▶ [Your objective] Go to the line with "vyrůstající ve Spartě" in the entries below and write out every line from there through the line with "排名来源于银河证券,截至20", exactly and without pictures.

▶ [Records provided]
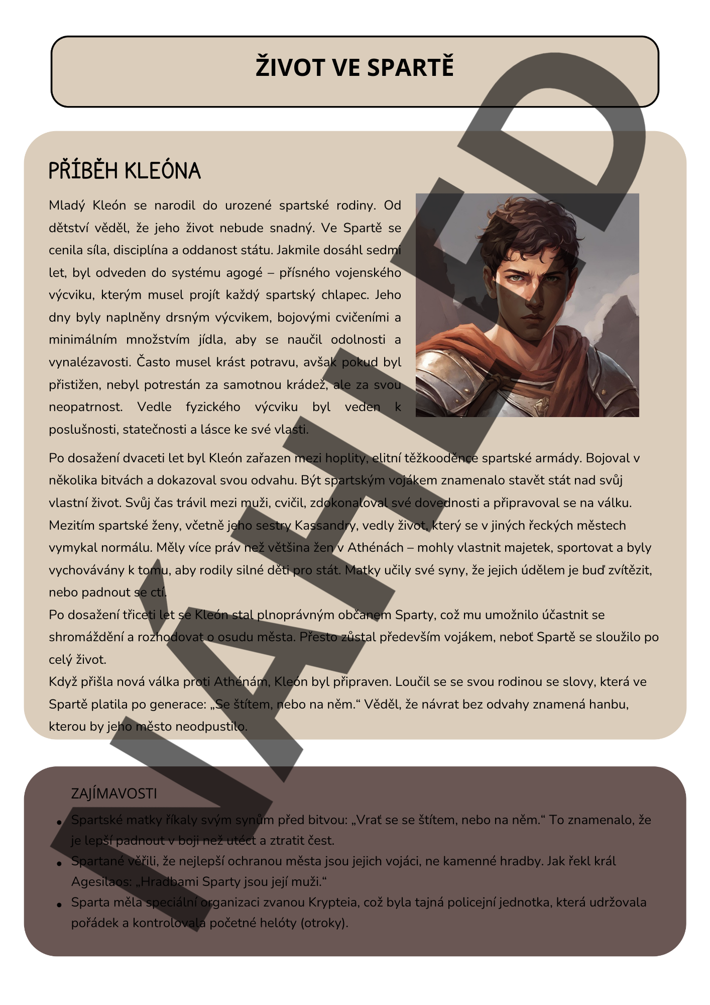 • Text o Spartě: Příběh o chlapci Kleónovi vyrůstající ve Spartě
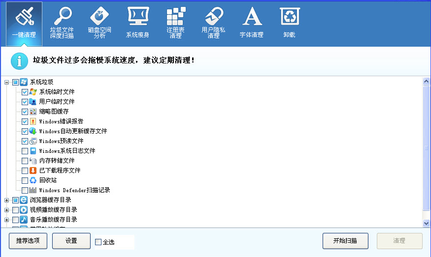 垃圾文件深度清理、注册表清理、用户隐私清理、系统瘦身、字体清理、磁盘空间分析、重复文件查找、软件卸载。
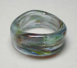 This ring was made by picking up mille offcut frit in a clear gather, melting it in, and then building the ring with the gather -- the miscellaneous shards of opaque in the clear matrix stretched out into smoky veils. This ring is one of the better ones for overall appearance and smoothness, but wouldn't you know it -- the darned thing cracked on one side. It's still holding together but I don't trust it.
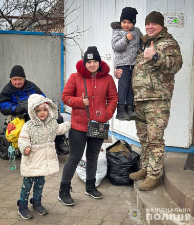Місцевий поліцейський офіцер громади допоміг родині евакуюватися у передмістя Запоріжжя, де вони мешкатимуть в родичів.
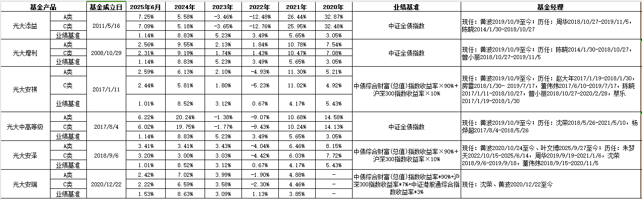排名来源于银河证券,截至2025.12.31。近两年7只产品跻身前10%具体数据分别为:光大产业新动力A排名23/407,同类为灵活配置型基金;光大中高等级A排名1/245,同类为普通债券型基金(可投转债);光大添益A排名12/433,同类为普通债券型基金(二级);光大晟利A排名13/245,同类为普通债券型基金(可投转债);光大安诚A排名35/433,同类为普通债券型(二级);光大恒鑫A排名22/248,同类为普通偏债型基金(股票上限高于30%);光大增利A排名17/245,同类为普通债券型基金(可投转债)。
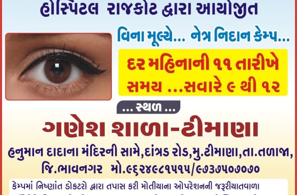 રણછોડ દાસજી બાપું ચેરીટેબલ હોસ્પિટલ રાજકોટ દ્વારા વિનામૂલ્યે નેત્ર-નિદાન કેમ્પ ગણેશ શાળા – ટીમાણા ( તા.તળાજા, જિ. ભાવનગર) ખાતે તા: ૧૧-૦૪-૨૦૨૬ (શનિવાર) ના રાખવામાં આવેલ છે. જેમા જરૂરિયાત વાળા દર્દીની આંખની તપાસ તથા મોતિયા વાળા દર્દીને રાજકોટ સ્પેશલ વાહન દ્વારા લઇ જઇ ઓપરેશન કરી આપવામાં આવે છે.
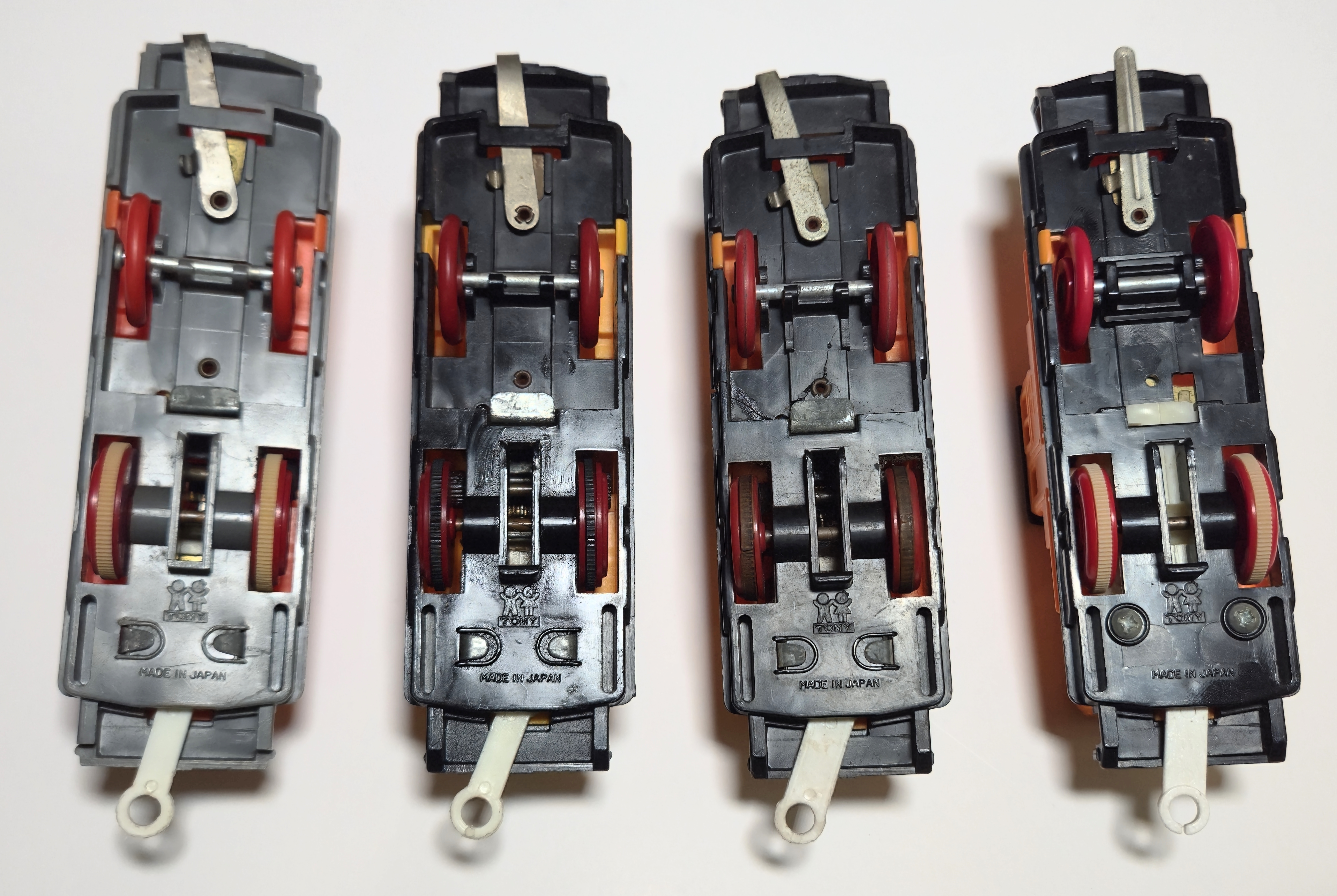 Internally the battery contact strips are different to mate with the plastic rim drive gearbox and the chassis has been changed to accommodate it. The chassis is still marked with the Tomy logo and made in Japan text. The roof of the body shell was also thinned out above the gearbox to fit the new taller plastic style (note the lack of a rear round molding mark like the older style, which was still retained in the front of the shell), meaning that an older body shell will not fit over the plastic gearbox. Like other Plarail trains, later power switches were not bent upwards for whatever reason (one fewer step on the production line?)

--

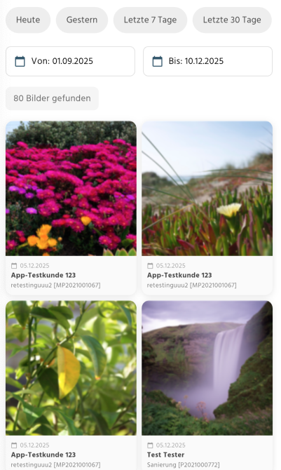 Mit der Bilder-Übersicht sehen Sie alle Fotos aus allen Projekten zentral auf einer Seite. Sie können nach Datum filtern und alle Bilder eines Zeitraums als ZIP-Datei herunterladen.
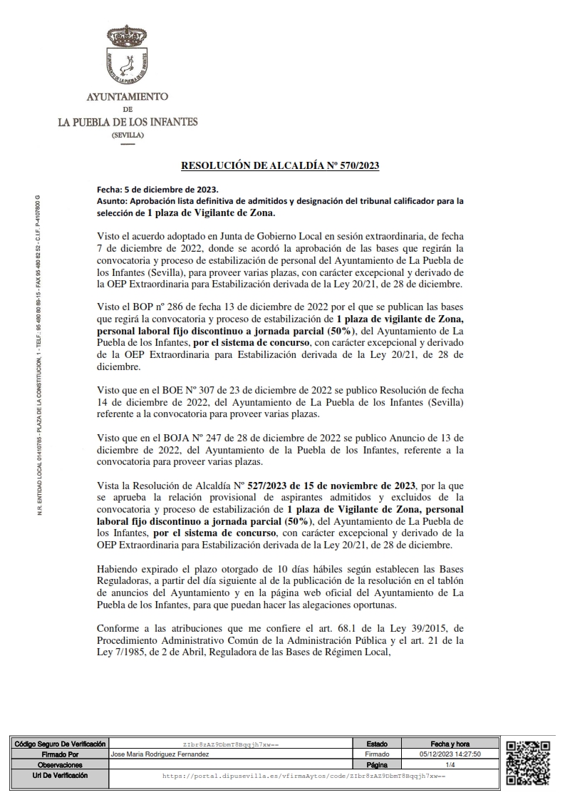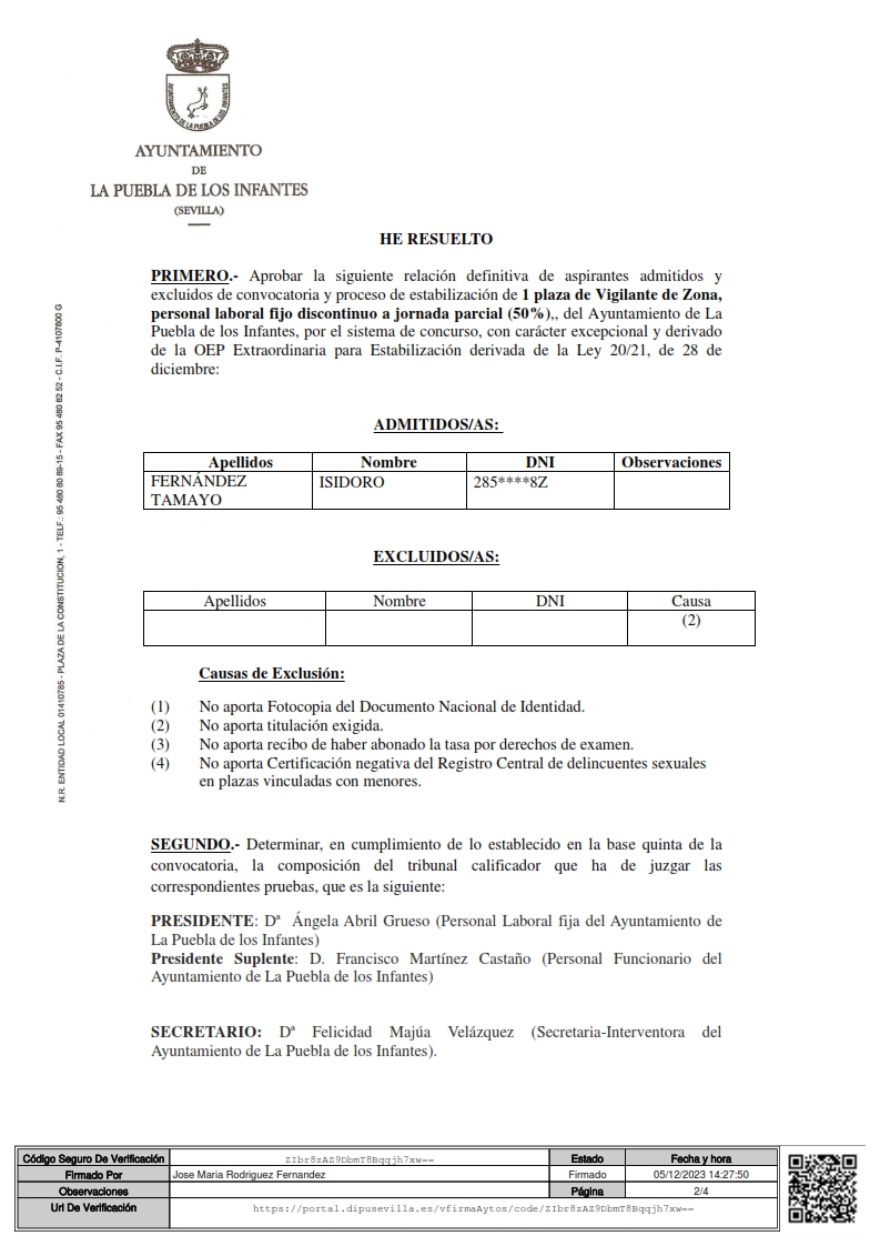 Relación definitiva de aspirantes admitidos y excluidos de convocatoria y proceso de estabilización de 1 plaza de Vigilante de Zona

--

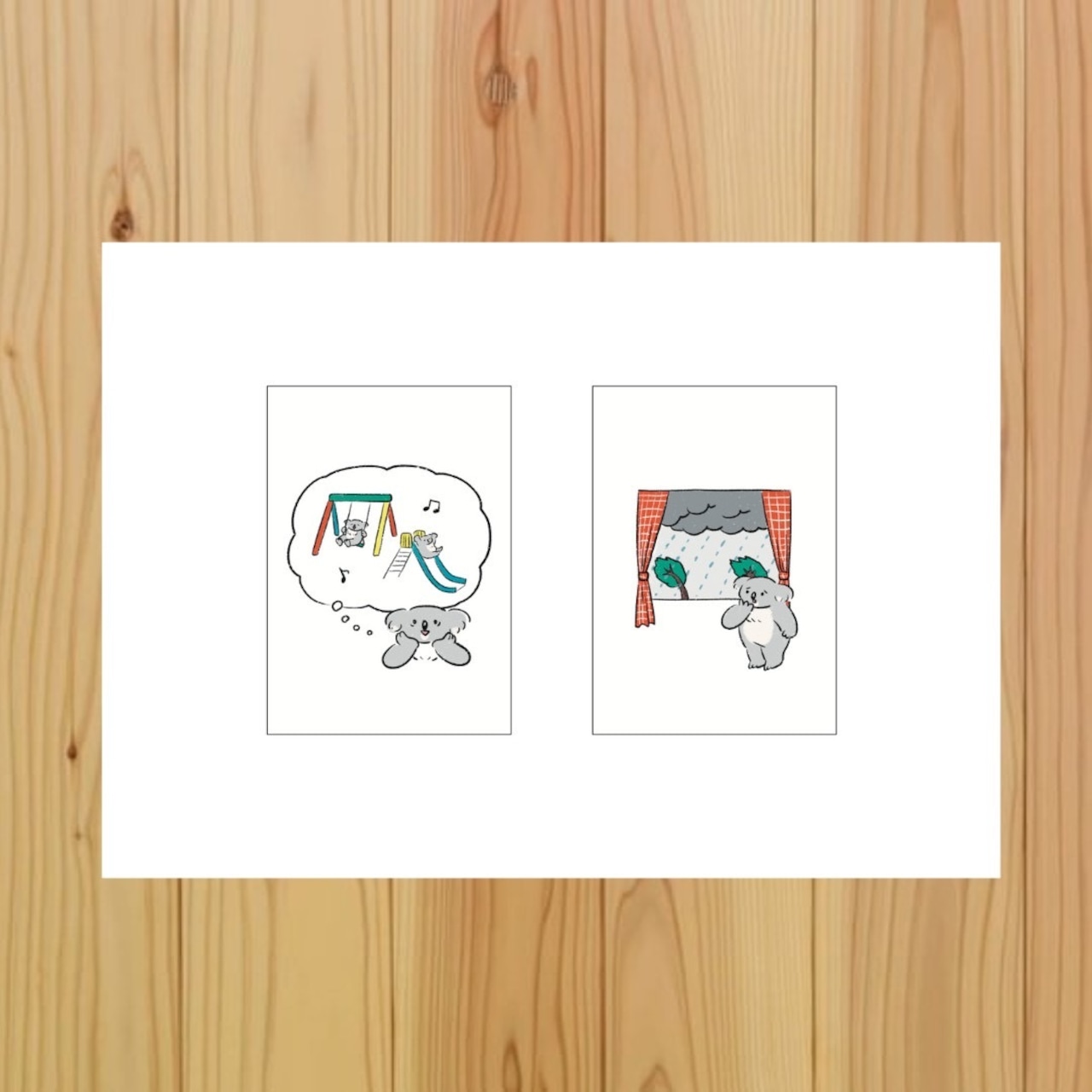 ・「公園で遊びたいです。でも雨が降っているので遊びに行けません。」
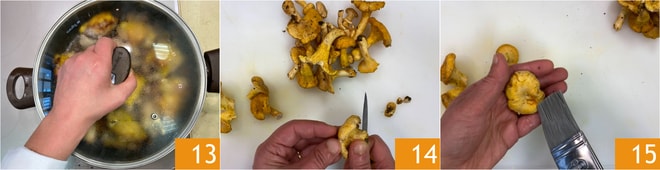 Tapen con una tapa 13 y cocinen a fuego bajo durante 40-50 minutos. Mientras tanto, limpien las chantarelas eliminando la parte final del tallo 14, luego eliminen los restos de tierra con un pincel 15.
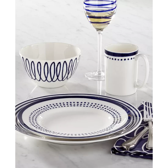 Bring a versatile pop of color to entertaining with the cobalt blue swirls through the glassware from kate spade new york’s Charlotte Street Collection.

▶ [Output]
 • Text o Spartě: Příběh o chlapci Kleónovi vyrůstající ve Spartě
 垃圾文件深度清理、注册表清理、用户隐私清理、系统瘦身、字体清理、磁盘空间分析、重复文件查找、软件卸载。
 This ring was made by picking up mille offcut frit in a clear gather, melting it in, and then building the ring with the gather -- the miscellaneous shards of opaque in the clear matrix stretched out into smoky veils. This ring is one of the better ones for overall appearance and smoothness, but wouldn't you know it -- the darned thing cracked on one side. It's still holding together but I don't trust it.
Місцевий поліцейський офіцер громади допоміг родині евакуюватися у передмістя Запоріжжя, де вони мешкатимуть в родичів.
排名来源于银河证券,截至2025.12.31。近两年7只产品跻身前10%具体数据分别为:光大产业新动力A排名23/407,同类为灵活配置型基金;光大中高等级A排名1/245,同类为普通债券型基金(可投转债);光大添益A排名12/433,同类为普通债券型基金(二级);光大晟利A排名13/245,同类为普通债券型基金(可投转债);光大安诚A排名35/433,同类为普通债券型(二级);光大恒鑫A排名22/248,同类为普通偏债型基金(股票上限高于30%);光大增利A排名17/245,同类为普通债券型基金(可投转债)。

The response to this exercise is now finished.